[Information provided Boundary: Start]
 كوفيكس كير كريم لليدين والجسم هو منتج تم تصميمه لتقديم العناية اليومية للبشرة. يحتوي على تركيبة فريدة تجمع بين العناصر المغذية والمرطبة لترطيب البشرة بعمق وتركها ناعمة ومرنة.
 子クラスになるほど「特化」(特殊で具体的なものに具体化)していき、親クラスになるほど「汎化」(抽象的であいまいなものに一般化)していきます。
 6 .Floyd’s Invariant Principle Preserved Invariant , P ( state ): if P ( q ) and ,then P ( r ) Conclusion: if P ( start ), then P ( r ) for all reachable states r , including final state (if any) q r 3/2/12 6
[Information provided Boundary: End]
[Information provided Boundary: Start]
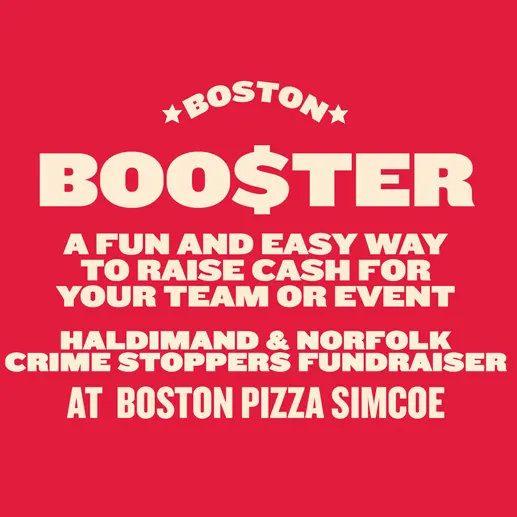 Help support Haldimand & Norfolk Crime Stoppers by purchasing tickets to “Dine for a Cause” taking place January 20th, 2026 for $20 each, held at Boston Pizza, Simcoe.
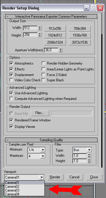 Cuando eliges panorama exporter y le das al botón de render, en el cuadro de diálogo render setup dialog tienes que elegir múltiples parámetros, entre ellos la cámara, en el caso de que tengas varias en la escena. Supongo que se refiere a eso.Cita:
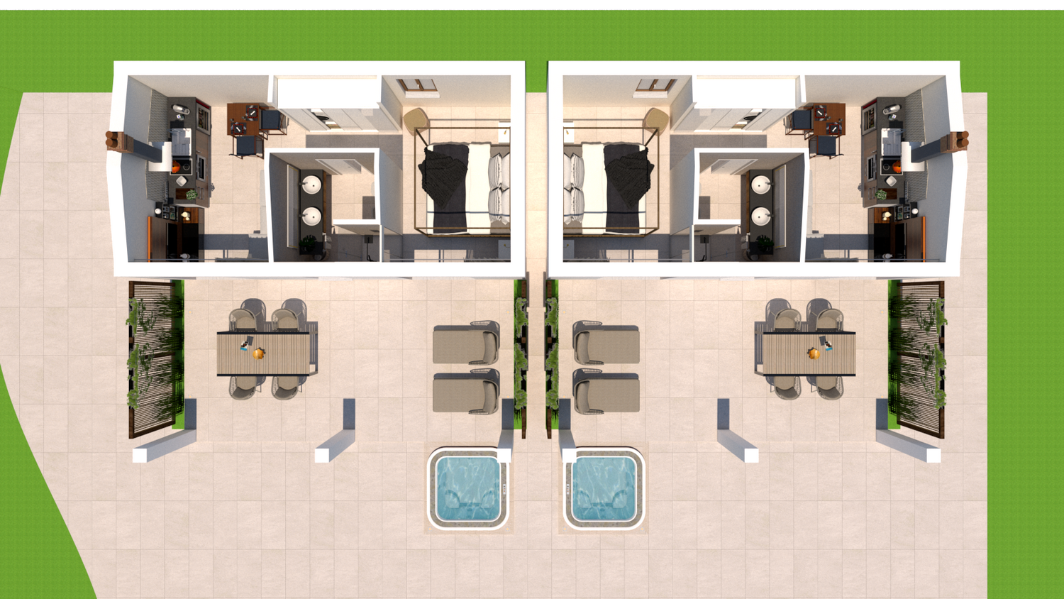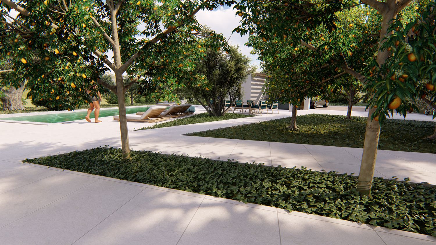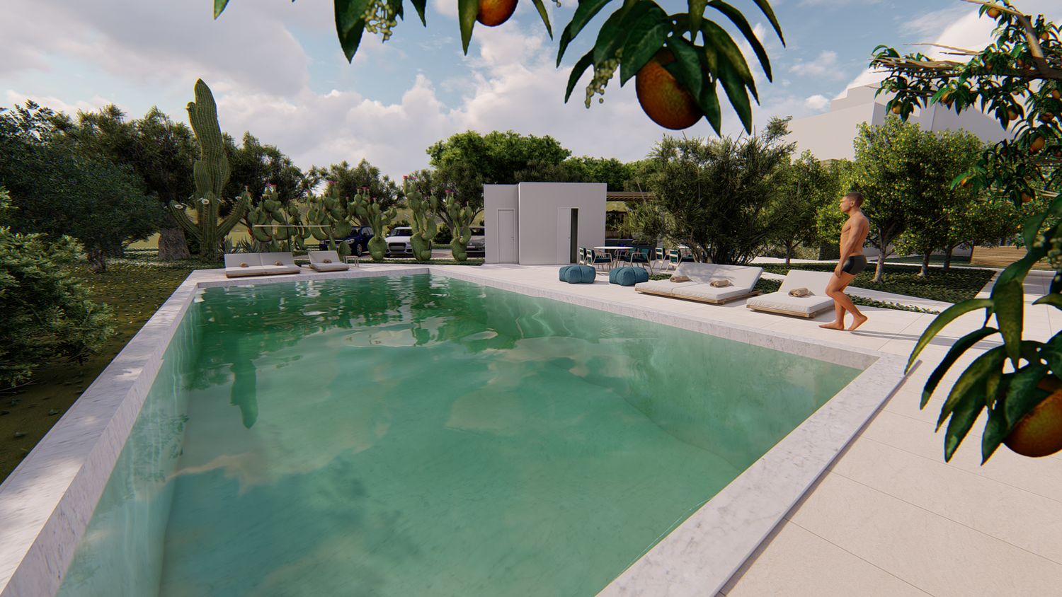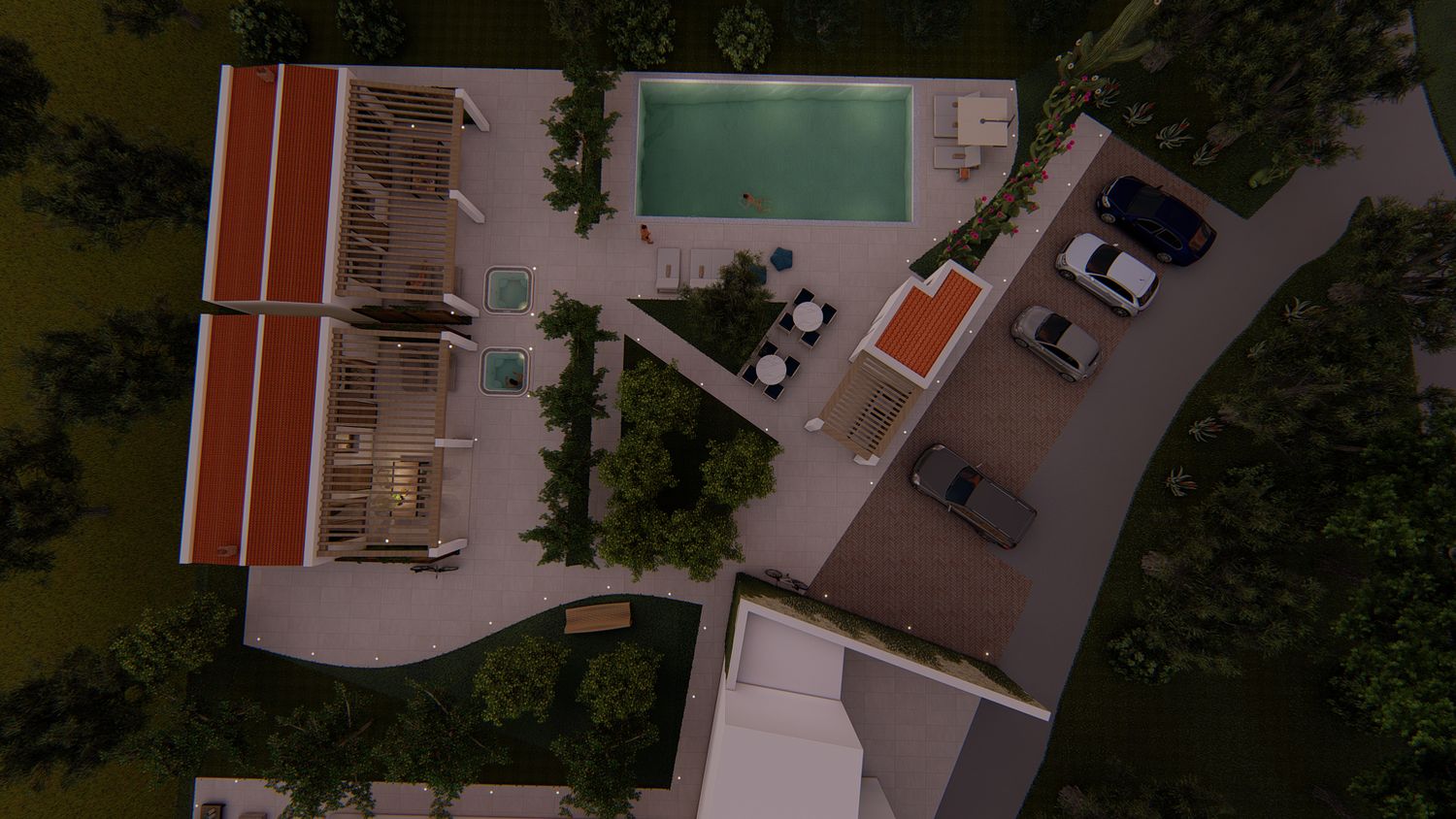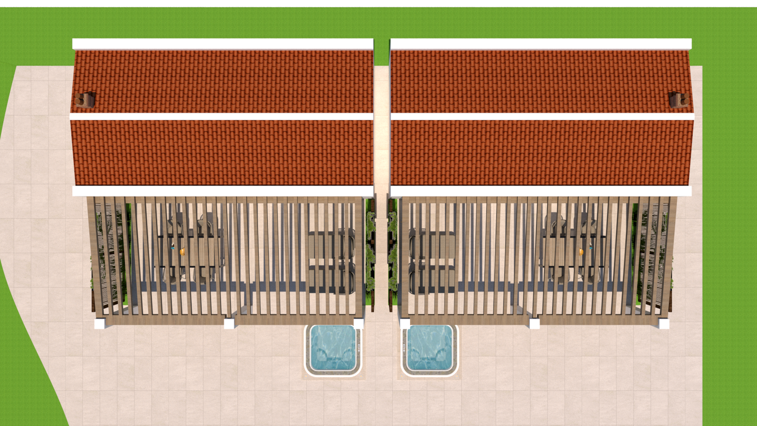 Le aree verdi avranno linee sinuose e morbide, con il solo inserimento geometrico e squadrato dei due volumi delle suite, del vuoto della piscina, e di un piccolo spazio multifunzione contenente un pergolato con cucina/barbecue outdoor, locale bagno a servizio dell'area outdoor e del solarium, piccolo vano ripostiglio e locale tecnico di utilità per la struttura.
[Information provided Boundary: End]
*Your objective:*
Using the entries above, transcribe every line from the line containing "Cuando eliges panorama" through the line containing "Le aree verdi". Do not copy pictures.

*Written answer:*
 Cuando eliges panorama exporter y le das al botón de render, en el cuadro de diálogo render setup dialog tienes que elegir múltiples parámetros, entre ellos la cámara, en el caso de que tengas varias en la escena. Supongo que se refiere a eso.Cita:
 Le aree verdi avranno linee sinuose e morbide, con il solo inserimento geometrico e squadrato dei due volumi delle suite, del vuoto della piscina, e di un piccolo spazio multifunzione contenente un pergolato con cucina/barbecue outdoor, locale bagno a servizio dell'area outdoor e del solarium, piccolo vano ripostiglio e locale tecnico di utilità per la struttura.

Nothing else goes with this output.